Nebraska’s quarterbacks were all too familiar with upfield rush by the time the clock mercifully hit quadruple zeroes. Michigan finished with four sacks (one each from Devin Bush, Rashan Gary, Chase Winovich, and Jordan Glasgow), 14 tackles for loss, and four QB hurries (one each for Winovich, Glasgow, Noah Furbush, and Khaleke Hudson [who was ejected again for targeting in the second half]). Michigan’s swarming rush also put Nebraska in untenable third-and-long situations, with Nebraska finishing 3-for-13 on conversions. The only time Nebraska faced third-and-short before the third quarter ended in a loss of ten yards on a sack by Gary.
The defense placed guys in gaps where Nebraska thought there would be none on the regular, and their offensive line subsequently looked downright confused. Michigan held Nebraska to 39 net rushing yards on 30 attempts for a cool 1.3 yards per rush. Michigan’s coverage wasn’t tested often, but they did hold Nebraska to just 93 passing yards on 24 attempts. Perhaps the most remarkable feat of the day defensively is that 80 of Nebraska’s yards came during a fourth-quarter drive during which I was receiving texts from friends who are devoted followers of Michigan football wondering who were some of the players Michigan was fielding on defense.

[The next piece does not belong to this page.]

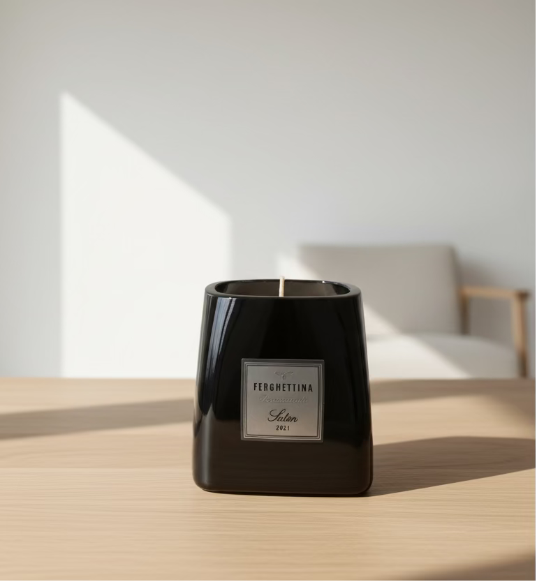 La colatura della cera naturale composta da soia, viene fatta manualmente e dopo un lungo procedimento volto a chiudere ogni buco e alla decorazione, viene messa a disposizione sullo shop. Il taglio e la levigatura del vetro vengono curati in maniera maniacale per renderla "morbida" al tatto ed evitare tagli per chi la tocca. Le piccole imperfezioni donano alla stessa l'unicità che merita ognuno di questi pezzi.
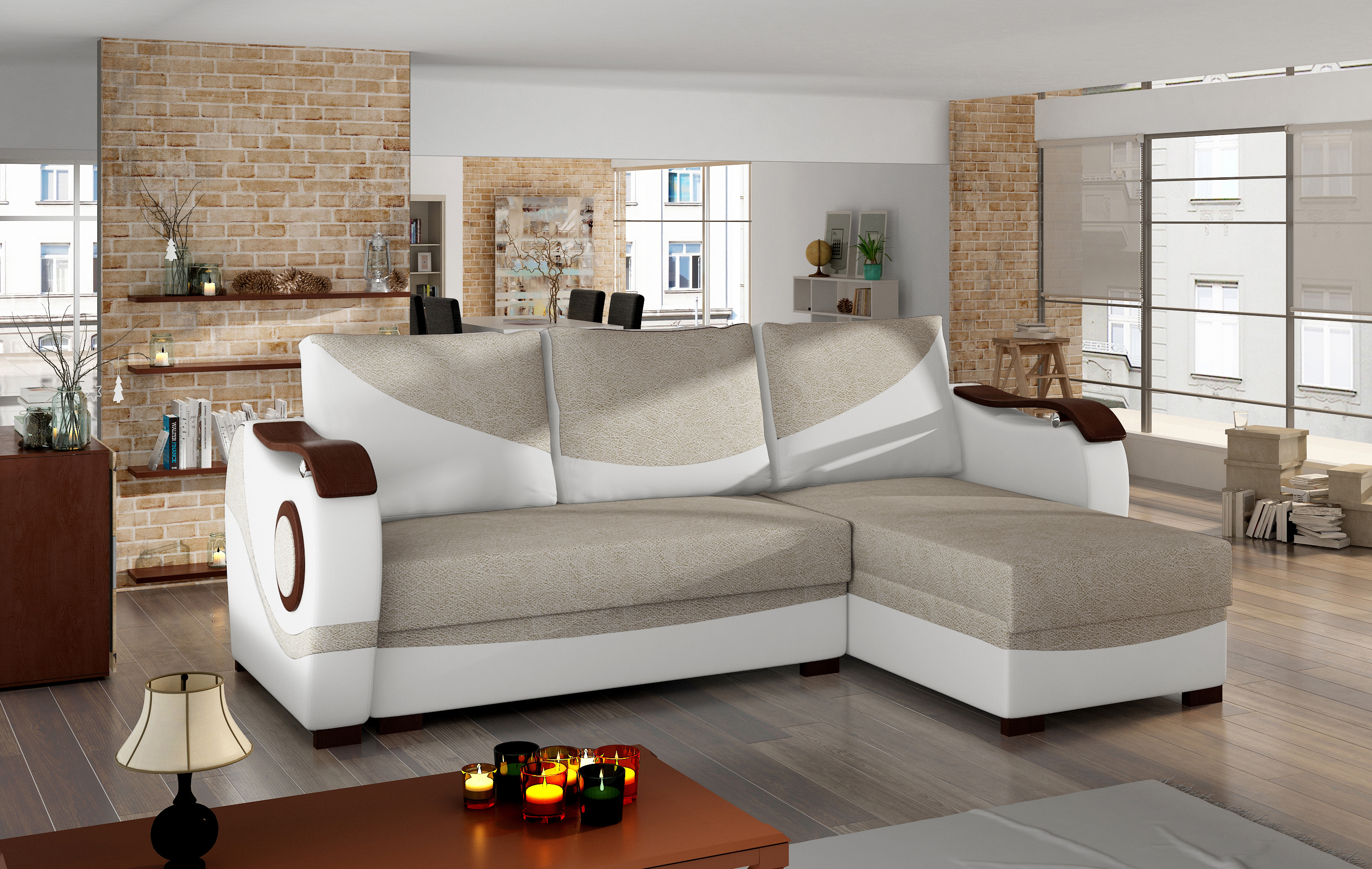 Rozkládací souprava Puerto v barevném provedení látka Dora 21/eko kůže Soft 17. Výplň sedáků je vyrobena z bonelu a T25 pěny. Rozkládem v podobě výsuvné spodní části a výklopného opěradla vznikne spací plocha 195x125 cm. Souprava má dva prostorné úložné prostory na ložní prádlo - jeden z nich se nachází v podnožce, zatímco druhý je k dispozici po nastavení nábytku do noční funkce. Doplňkové dekorace v podobě dřevěných prvků na područkách, bočnicích a nohách. Potahová látka jako na hlavní fotografii.

Michigan’s special teams units didn’t want to be left out of the fun and put on shows of their own. Will Hart continued his dazzling aerial display, coffin-corner punting gems and launching bombs with equal ease. Quinn Nordin showed off his power as well, drilling a 50-yard field goal that would have been good from at least 55. Then there was the aforementioned return by Ambry Thomas on a fumble recovery that would have stood if not for one of college football’s weirder rules, which was followed on the next drive by a 60-yard Donovan Peoples-Jones punt return touchdown that he took near midfield, arced to the right, cut back across, pulled a spin move that I can’t even get to work in video games, and finished on a nearly horizontal angle that was punctuated with a flip into the end zone.
Frost’s offense is going to take a while to install, and his starting quarterback was hobbled by injury. Even so, this was the type of three-phase domination not seen since 2016. Not a bad way to start the Big Ten portion of the schedule.